Ben Elton is writing the latest draft of the screenplay, having previously written Branagh‘s 2018 drama All Is True, in which the noted Shakespeare fan played the Bard himself. King is producing via his GK Films along with Steven Spielberg‘s Amblin Partners and Stacey Snider‘s company Sister, which she launched with Elisabeth Murdoch and Jane Featherstone.
The Bee Gees are the iconic music group comprised of brothers Barry, Robin and Maurice Gibb, who pivoted from folk songs and soft rock to disco, becoming falsettoed gods of the ’70s before the culture ruled disco dead the following decade. While Maurice died suddenly in 2003 at the age of 53 and Robin died in 2012 at age 62, Barry Gibb is still around to carry on the band’s legacy, and he’ll serve as an executive producer on Paramount’s biopic.
The narrative film arrives on the heels of Frank Marshall‘s acclaimed HBO documentary The Bee Gees: How Can You Mend A Broken Heart, which introduced the group to a new generation — including myself — that may not have been familiar with the breadth of their songwriting catalog.
Paramount‘s deal for the plum project gave them life rights to the Gibb family as well as music rights that will allow Branagh to use the Bee Gees‘ classic songs — something considered essential if Paramount hopes to repeat the success of the Queen biopic Bohemian Rhapsody that King produced. The Bee Gees have sold more than 220 million records, so there is certainly a fanbase out there that would, in theory, be very excited to see this movie.
Branagh earned Oscar nominations for directing Henry V and the short film Swan Song as well as writing 1996’s Hamlet.
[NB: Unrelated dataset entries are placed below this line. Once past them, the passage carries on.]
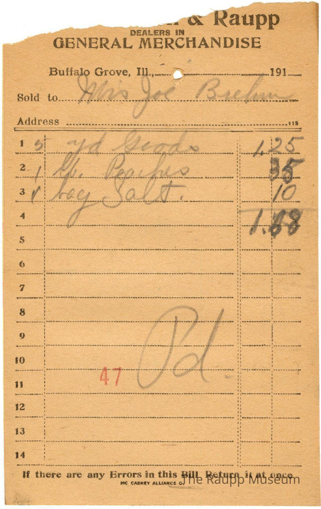 The black text is as follows, from top to bottom: "Bought of Firnbach and Raupp; Dealers in GENERAL MERCHANDISE; Buffalo Grove, Ill.; Sold to; Address; if there are any Errors in this Bill Return it at once; MC CASKEY ALLIANCE O."Dimensions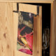 Belle serviette de cuisine avec photo de feuilles d'automne, châtaignes et champignons Photographie de vie morte de champignon parasol (Macrolepiota procera), de grosses châtaignes brunes et feuillage rouge - Feuilles d'automne ou d'automne.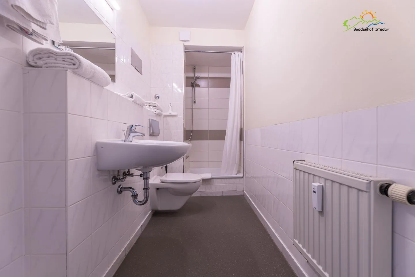 Das moderne Badezimmer verfügt über Dusche und WC.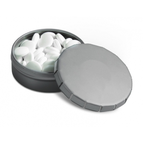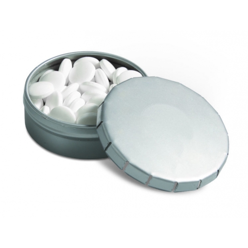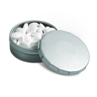 Schiebedeckeldose mit ca. 10 g Pfefferminz - mit silbernem Deckel und silbernem Unterteil. Format: 5,5 x 4,5 x 1 cm, Haltbarkeit: 24 Monate, Lieferzeit: ca. 2 Wochen, Preise inkl. 3-farbigen Druck, zzgl. Drucknebenkosten

He also has a pair of Oscar nominations as an actor and will reprise his role as Hercule Poirot in Death on the Nile, which like its predecessor Murder on the Orient Express, he also directed. Branagh recently played the villain in Christopher Nolan‘s Tenet, and he has already wrapped his next directorial feature, Belfast, which stars Judi Dench, Caitrona Balfe, Jamie Dornan and Ciarán Hinds.
As for Branagh‘s Disney+ movie Artemis Fowl, I’ve agreed to never speak of it again because I couldn’t bring myself to see it. Sorry, but I don’t do dirt farts. Still, he’s a solid if surprising choice for this Bee Gees movie, and I can’t wait to see who he casts as the Gibb brothers.